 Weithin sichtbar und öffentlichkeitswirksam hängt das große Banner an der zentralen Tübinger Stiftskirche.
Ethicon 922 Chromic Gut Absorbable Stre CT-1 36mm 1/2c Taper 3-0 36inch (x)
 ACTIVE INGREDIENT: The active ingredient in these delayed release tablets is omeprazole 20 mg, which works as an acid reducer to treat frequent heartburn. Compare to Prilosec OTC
⁂
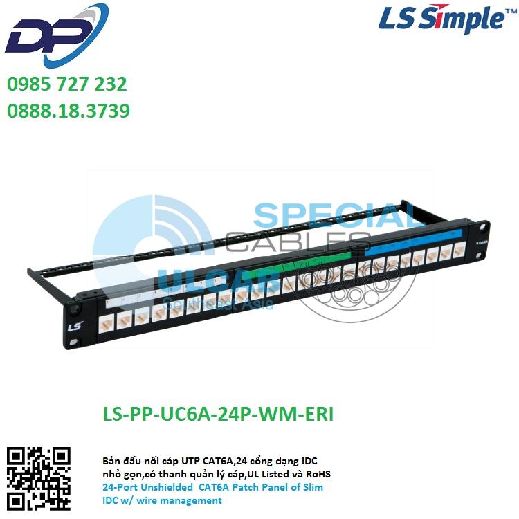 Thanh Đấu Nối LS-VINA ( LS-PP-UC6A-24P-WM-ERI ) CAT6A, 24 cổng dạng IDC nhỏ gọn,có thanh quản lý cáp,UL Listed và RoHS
⁂
Give back exactly the lines of the listing above that run from the line with "Weithin sichtbar und" to the line with "Ethicon 922 Chromic", inclusive.

ANSWER BOX:
 Weithin sichtbar und öffentlichkeitswirksam hängt das große Banner an der zentralen Tübinger Stiftskirche.
Ethicon 922 Chromic Gut Absorbable Stre CT-1 36mm 1/2c Taper 3-0 36inch (x)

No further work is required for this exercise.